* [Work instruction] Return only the lines of the data below from the line with "La réglette LED" up to and including the line with "코인빗에서는 12월 1일", exactly as written, with the pictures omitted.

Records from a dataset
#####

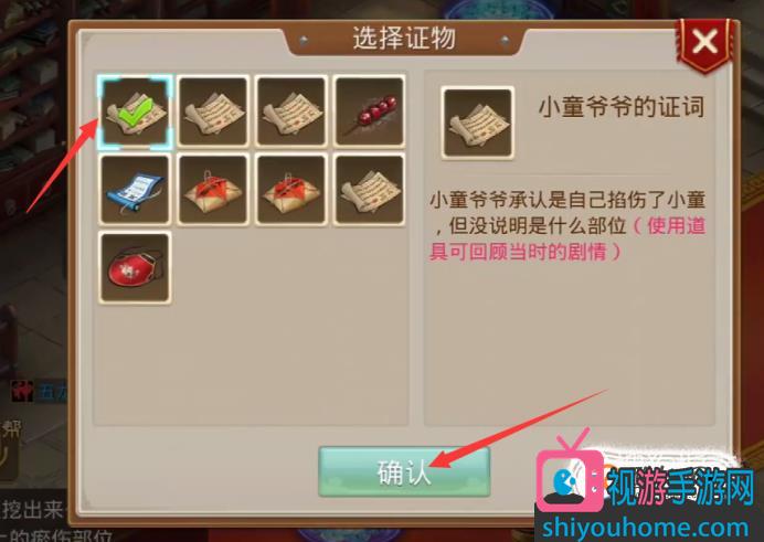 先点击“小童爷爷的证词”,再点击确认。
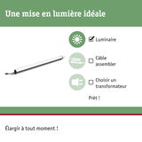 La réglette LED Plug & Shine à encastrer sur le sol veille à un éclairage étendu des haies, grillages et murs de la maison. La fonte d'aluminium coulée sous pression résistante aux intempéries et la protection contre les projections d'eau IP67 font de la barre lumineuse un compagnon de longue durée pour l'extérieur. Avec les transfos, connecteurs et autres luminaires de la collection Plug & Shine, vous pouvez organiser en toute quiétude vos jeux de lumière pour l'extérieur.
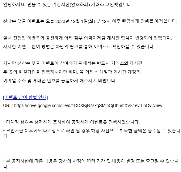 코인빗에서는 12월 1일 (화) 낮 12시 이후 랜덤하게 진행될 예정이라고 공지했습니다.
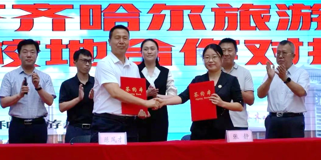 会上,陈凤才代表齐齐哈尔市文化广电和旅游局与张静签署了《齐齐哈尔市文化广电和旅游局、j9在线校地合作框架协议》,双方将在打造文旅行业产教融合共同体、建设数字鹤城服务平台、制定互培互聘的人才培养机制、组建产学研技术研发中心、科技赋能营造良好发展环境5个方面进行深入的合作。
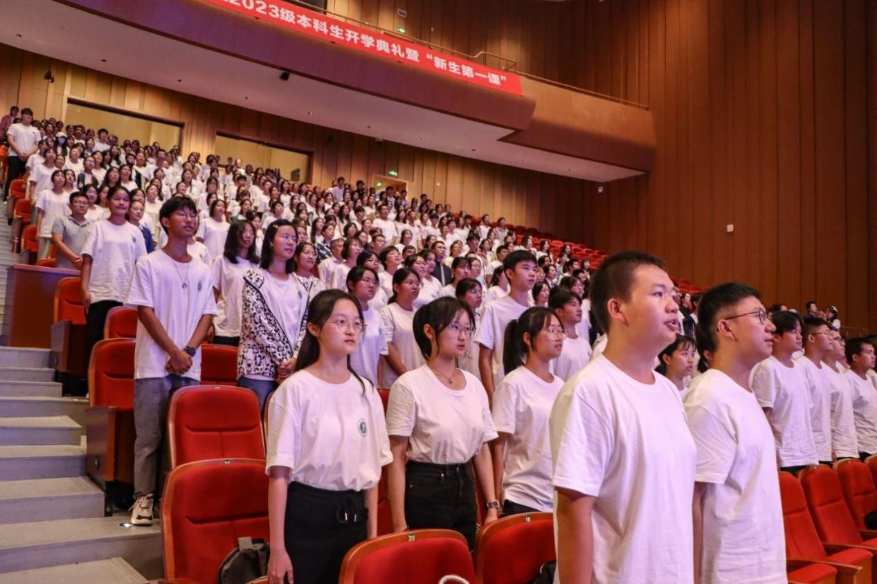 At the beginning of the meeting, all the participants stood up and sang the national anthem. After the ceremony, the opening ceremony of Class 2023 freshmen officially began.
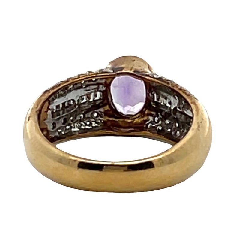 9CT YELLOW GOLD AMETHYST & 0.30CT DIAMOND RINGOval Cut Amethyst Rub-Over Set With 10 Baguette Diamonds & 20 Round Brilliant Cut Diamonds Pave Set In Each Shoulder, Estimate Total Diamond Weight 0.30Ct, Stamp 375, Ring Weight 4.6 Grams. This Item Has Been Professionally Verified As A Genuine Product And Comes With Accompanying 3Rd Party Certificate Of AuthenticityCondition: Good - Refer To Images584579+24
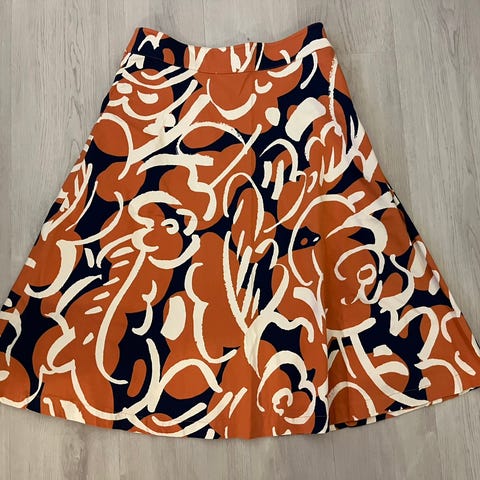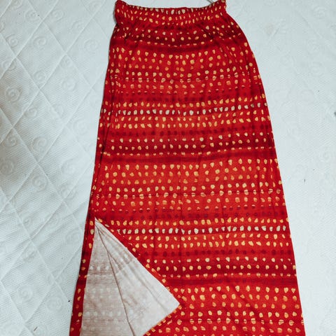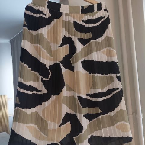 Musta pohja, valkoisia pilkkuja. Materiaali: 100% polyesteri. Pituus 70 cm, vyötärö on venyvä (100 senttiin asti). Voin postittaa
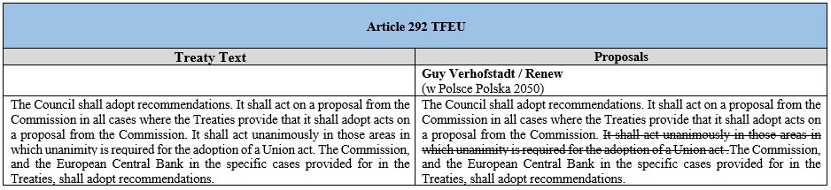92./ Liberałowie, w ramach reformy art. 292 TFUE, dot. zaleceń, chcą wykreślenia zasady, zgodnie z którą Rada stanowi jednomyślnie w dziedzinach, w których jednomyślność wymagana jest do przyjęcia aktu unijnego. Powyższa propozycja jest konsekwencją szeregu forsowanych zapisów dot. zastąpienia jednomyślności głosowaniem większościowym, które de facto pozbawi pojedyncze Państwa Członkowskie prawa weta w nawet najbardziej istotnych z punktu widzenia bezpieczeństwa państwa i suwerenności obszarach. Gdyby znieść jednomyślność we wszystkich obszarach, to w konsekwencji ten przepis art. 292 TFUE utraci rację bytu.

#####

* [Solution for this exercise]
 La réglette LED Plug & Shine à encastrer sur le sol veille à un éclairage étendu des haies, grillages et murs de la maison. La fonte d'aluminium coulée sous pression résistante aux intempéries et la protection contre les projections d'eau IP67 font de la barre lumineuse un compagnon de longue durée pour l'extérieur. Avec les transfos, connecteurs et autres luminaires de la collection Plug & Shine, vous pouvez organiser en toute quiétude vos jeux de lumière pour l'extérieur.
 코인빗에서는 12월 1일 (화) 낮 12시 이후 랜덤하게 진행될 예정이라고 공지했습니다.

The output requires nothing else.